That unrolled loop is pretty pessimal and very much 1980s.
It should be pretty easy to write a code loop that runs
at one copy (8 bytes) per clock on modern desktop x86.
I think that matches 'rep movsq'.
(It will run slower on Atom based cpu.)
A very simple copy loop needs (using negative offsets
from the end of the buffer):
A memory read
A memory write
An increment
A jnz
Doing all of those every clock is well with the cpu's capabilities.
However I've never managed a 1 clock loop.
So you need to unroll once (and only once) to copy 8 bytes/clock.
So for copies that are multiples of 16 bytes something like:
# dst in %rdi, src in %rsi, len in %rdx
add %rdi, %rdx
add %rsi, %rdx
neg %rdx
1:
mov %rcx,0(%rsi, %rdx)
mov 0(%rdi, %rdx), %rcx
add #16, %rdx
mov %rcx, -8(%rsi, %rdx)
mov -8(%rdi, %rdx), %rcx
jnz 1b
Is likely to execute an iteration every two clocks.
The memory read/write all get queued up and will happen at
some point - so memory latency doesn't matter at all.
For copies (over 16 bytes) that aren't multiples of
16 it is probably just worth copying the first 16 bytes
and then doing 16 bytes copies that align with the end
of the buffer - copying some bytes twice.

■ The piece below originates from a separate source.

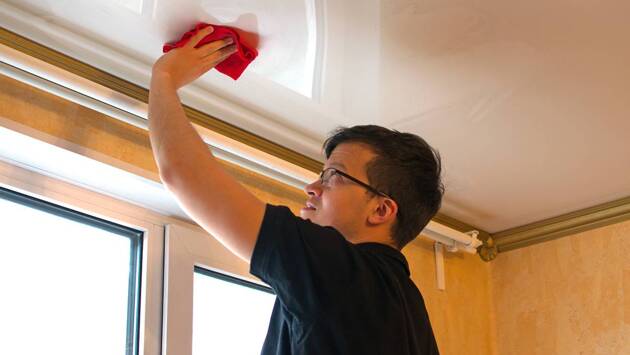 Отмыть натяжной потолок без использования дорогостоящей бытовой химии удастся с помощью нашатырного спирта. Простой способ избавиться от пыли и грязи на нем назвали эксперты издания «Тут Новости».

(Or even copy the last 16 bytes first and copy aligned
with the start.)
I'm also not at all sure how much it is worth optimising
mis-aligned transfers.
An IP-Checksum function (which only does reads) is only
just measurable slower for mis-aligned buffers.
Less than 1 clock per cache line.
I think you can get an idea of what happens from looking
at the PCIe TLP generated for misaligned transfers and
assuming that memory requests get much the same treatment.
Last time I checked (on an i7-7700) misaligned transfers
were done in 8-byte chunks (SSE/AVX) and accesses that
crossed cache-line boundaries split into two.
Since the cpu can issue two reads/clock not all of the
split reads (to cache) will take an extra clock.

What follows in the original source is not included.